CĂ©ad MĂ­le Fáilte, and welcome to this week’s Letter from Ireland. We are at the end of a grand warm spell here in County Cork, the kind of week you’d nearly forget Ireland was meant to be a wet country. The windows are thrown wide and the blackbirds and starlings are full of chatter morning and evening. I’m sitting here with a cup of Barry’s tea, and I hope you’ll join me with a cup of whatever you fancy yourself as we start into today’s letter.

A Drop of Whiskey with Timmy O’Donoghue

If I’m honest with you, like many others, I’ve been feeling the weight of the world a bit this past while. The news has a way of arriving in the kitchen these days whether invited or not, and there are mornings I’d rather not open a newspaper at all.

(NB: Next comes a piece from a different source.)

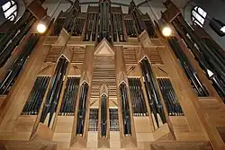 Die Orgel besitzt vier Manuale und ein Pedal mit zusammen 62 Registern und 4.285 Pfeifen. Sie nimmt die Westfassade ab der ersten Empore mit Ausnahme des Teils über dem Brauttor ein. Das Gehäuse hat eine schlichte Form, die durch das unbehandelte Eichenholz einen starken architektonischen Akzent setzt. Es ist 9,10 Meter breit, 13,9 Meter hoch und nur 2,80 Meter tief. Die ansteigenden Läufe der Prospektpfeifen erzeugen eine starke, besonders in den Positivfeldern auffällige Vertikalwirkung. Die gotische Bewegung „himmelwärts“ wird kontrapunktiert durch die Schleierbretter, die eine dachähnliche Bewegung imitieren. Dabei ist kein Feld gleich. Dazu kommen auslaufende und sich verjüngende Spitzen und kleine Turmaufsätze. Diese Stilelemente sind schlicht-moderne Übertragungen gotischer Elemente.[15]

I’ve been thinking about how to write about this without making it any heavier than it already is, and the answer came to me, as these things often do, in a sideways fashion. You see, a while back I asked our Green Room community a simple question. Who is the oldest Irish ancestor in your family tree?

The answers that came back have been a great pleasure to read. When I considered my own answer to the question, I gave it a fair bit of thought. Plenty of names came to mind, but the one who kept coming back to me was Carina’s grandfather, Timmy O’Donoghue.

Timmy was born in 1902 on a farm near the village of Banteer in north County Cork. He was the youngest of seven, and like so many Irish families of that time, saw the house slowly empty around him as brothers and sisters went to England and to America.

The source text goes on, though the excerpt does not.